つげ義春 著『つげ義春の温泉』(カタログハウス刊・03.2.10)

 単独の著作(文庫や漫画作品集の再刊本を除く)としては、九一年の『貧困旅行記』、『つげ義春資料集成』以来、十二年ぶりの刊行となる『つげ義春の温泉』(九四年の『全集別巻』からは、九年ぶりとなる)は、つげ義春氏の作品歴のなかでも、出色な著作だといっていい。この本の成立に関わった立場から、成立事情と、この著作がもつ意味を述べていこうと思う。

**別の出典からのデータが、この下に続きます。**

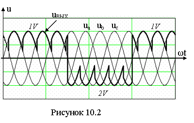положительная полуволна формируется при работе группы 1V, отрицательная – группы 2V. Выходное напряжениепреобразователя представляет собой огибающую фазных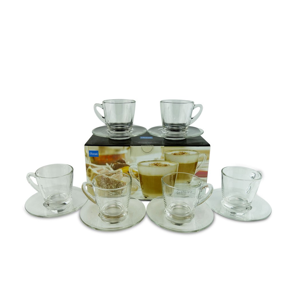 Ocean Glass Coffee Cup & Saucer Set (6 PCS)

 企画の始まりは、出版元であるカタログハウスの社主斎藤駿氏の発案からだ。氏はかつて、『「沼」以後全集』と命名された企画を考えたことがある。わたしは、「ねじ式」よりもはるかに衝撃的で、わが国の劇画史のなかでも最重要作品だといっていい「沼」を基点として作品集を編み、そのことを書名に表わすという発想に、ほとんど感動をもって受けとめた。残念ながら、筑摩書房からの全集企画が進行していたため、この作品集は幻に終わったが、雑誌「通販生活」に旧作十一作品が、九四年春号から九六年春号まで全九回にわたって掲載され、後に『つげ義春アンコール劇場』(非売品)としてまとめられ、九八年に刊行されている。
 そして今回、斎藤氏が提案したのは、〈温泉〉というモチーフで漫画作品、エッセイ、イラスト、写真を一冊にまとめた作品集だ。『つげ義春の温泉』というモチーフを直接的に示す書名は、またしても、わたしを驚かせた。直接性をもった書名は、そのままつげ義春氏の世界を表わしていると思えたからである。さて、この企画が果たしてつげ氏に受け入れてもらえるかが、最も難渋な問題だった。

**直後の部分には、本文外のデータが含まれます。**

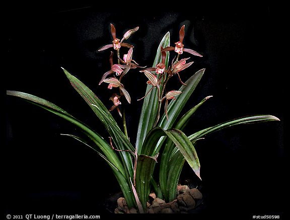 Cymbidium sinense is a wonderful species native to China and Northern Vietnam . It produces dark red flowers that are very sweet in fragrance. This plant is also referred to in China as the 'New Year's Orchid' as it generally flowers during the Chinese New Year in February.

 つげ氏は、はじめ固辞された。その理由は、何度も再編集して本にするのは、読者に対して申し訳ないというものだった。熟考の末、未発表の文章と写真をなるべく多く収録するということで、どうにか承諾していただいたというのが、この本が成立した一端である。

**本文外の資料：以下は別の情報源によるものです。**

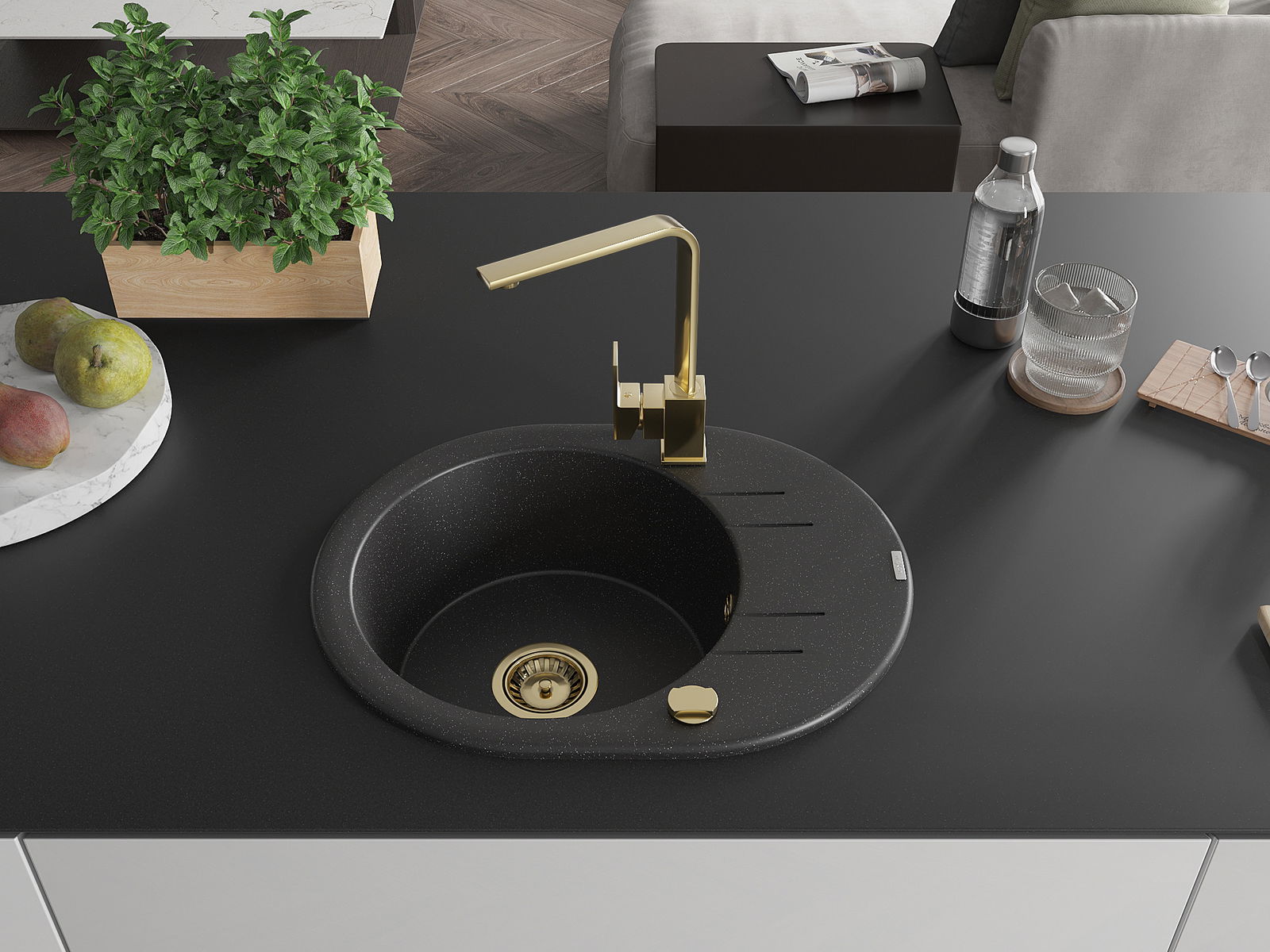 Мивката е направена от висококачествен гранит. Това е елегантно и най -вече практично допълнение към всяка кухня, независимо от нейния стил. Висококачествената и гранитна издръжливост осигуряват много години употреба.

 こうして、刊行にいたった本書には、いくつか特筆すべきことがある。第1部に配置された「温泉写真・イラスト篇」では、温泉写真のすべてとイラストの一部が、単行本未収録、未発表のものとなっている。第3部の「温泉エッセイ篇」では、四百字詰め計算で三十枚ほどの未発表エッセイ三本を掲載できた。そして、第2部「温泉漫画篇」は、六篇の漫画作品(「長八の宿」、「二岐渓谷」、「オンドル小屋」、「ゲンセンカン主人」、「懐かしいひと」、「会津の釣り宿」を収録。ただし「義男の青春」は除外した)それぞれに、つげ氏と長い伴走を続けてきた高野慎三氏の温泉地と作品成立をからめた卓抜な解説文が付されて本書がさらに厚みのあるものとなった。そして、これはいくらでも声高に述べておきたいことだが、西山温泉の少女のイラストを表紙カバーに配置して、本文レイアウトも含めて、「つげ義春の世界」を精緻に息づかせた気鋭のデザイナー、竹井賢氏の見事な造本を強調しておきたい。
 ここまでは、〈内〉からの視線だ。〈外〉からの視線を、本書に向けてみればどうなるだろうか。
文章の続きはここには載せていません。